Oh, Lane...I could just imagine the two of you running wild in the stations having a wonderful time....those are the times that grab onto your heart forever. Great post, and there is always good memories along with the bad in most relationships.

So glad Sydney had a great time, yes, you hit the nail on the head at your description of being a parent....it is so very true...in a few years, things might turn around!!

Shirley said...

I just went back and read your posts. I'm so sorry for your loss. I believe that thinking about good memories whether it's an old love, an old a friend, a family member, is the best thing we can do to heal and close the book. It takes as long as it takes. If you feel that it's hard on your current relationship then share your memories here. Or just sit at the computer and type. You can type a memory or type a letter to the person. You can just delete it when you're done but I find that anything I've had to recover from has been helped by getting my feelings down on paper. I even wrote a letter to my uncle when he died and asked that it be put in the coffin with him. As I was writing it I realized that I didn't need to send it with him anyway because wherever our loved ones go they can hear what's in our hearts. I felt him there with me as I wrote. But I had it put with him anyway because I'd already asked for it to be done beforehand.

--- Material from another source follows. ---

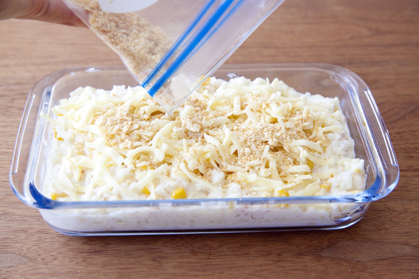 ミックスチーズ、クラッカーをのせてオーブンで焼き色がつくまで10分ほど焼く。

I'm glad Sydney had fun. It sounds like it was a positive experience for her and with her difficulty socially sometimes it's great as a parent to see that she's enjoyed something like that with her peers.

Becky said...

I liked the NYC story very much. I've never been there as an adult and would like to go sometime. I'm glad Sydney had a great time and things went well! I guess I can confess to you now that when I saw the title of Monday's blog....my heart dropped to my toes......lol.

lw said...

I'm glad you left us with happy memories of David-- shows us why the difficult stuff (midnight call, etc.) were worth putting up with.

I'm so glad Sydney had a great time with her friends! I don't think kids think about how important you are to them (so thoughtful to think about clean undies and new shoes!) until they get into their early twenties. Does it help that we think you're wonderful?

Quiltluver said...

I'm thinking, good memories or bad, writing out these posts must be good therapy for you. I'm glad to hear that Sydney had a good time.

Elizabeth said...

Thanks for sharing :D. I sometimes wonder why we have so many hard things in life, but it just makes you appreciate the good things more.

Shay said...

Despite the difficulties, David was clearly a special part of your life at one time. And I didnt think badly of him in any of your previous posts. I kept thinking there must have been lots of good things about him for you to have wanted him as part of your life.

I think because he kept wanting to be in contact with you, you must have been one of the best parts of his.